Wednesday, March 30, 2005

That ever-reliable grammar check

A University of Washington student turns in a paper riddled with grammatical errors. Her professor rightly chides her, but she rolls out (what she thinks is) a good defense: She ran the paper through Microsoft Word's grammar check.

So the marketing and e-commerce prof took his chiding to Microsoft and said: "Microsoft the company should big improve Word grammar check." Word had no problem with that.

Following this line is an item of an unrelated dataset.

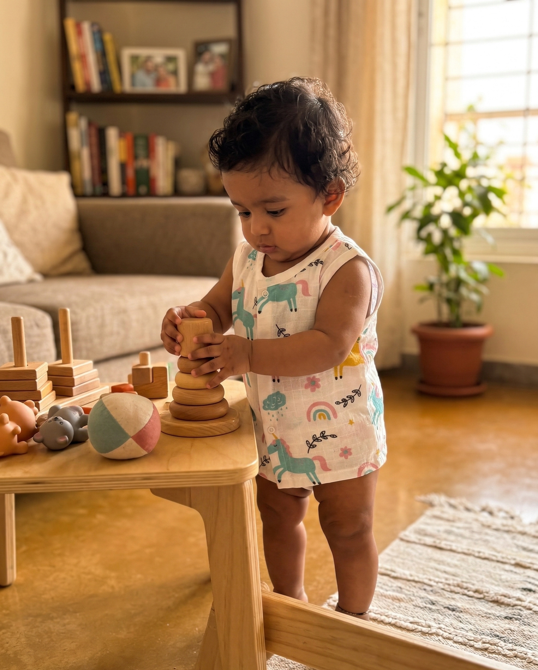 Description: The Magical Unicorn Muslin Jabla is an enchanting sleeveless top crafted from 100% breathable cotton muslin. Featuring a whimsical print of colorful unicorns, rainbows, and soft rain clouds, this Jabla includes a convenient snap-button front for easy dressing. The lightweight, crinkled texture ensures your little one stays cool and comfortable while looking absolutely magical.

But don't be too hard on Sandeep Krishnamurthy. He's also trying to get the word out to students.
"If you're a grad student turning in your term paper, and you think grammar check has completely checked your paper, I have news for you -- it really hasn't," he said.
An article in the Seattle Post-Intelligencer includes some passages the professor has gotten through the grammar check unflagged:
Marketing are bad for brand big and small. You Know What I am Saying? It is no wondering that advertisings are bad for company in America, Chicago and Germany. ... McDonald's and Coca Cola are good brand. ... Gates do good marketing job in Microsoft.
People seem to agree that the grammar check in Work can improve quite a bit. However, said Christopher Manning, assistant professor of linguistics and computer science at Stanford University, "it still wouldn't be as good as a good human editor."

Krishnamurthy has some examples of errors that fly by undetected on his Web page.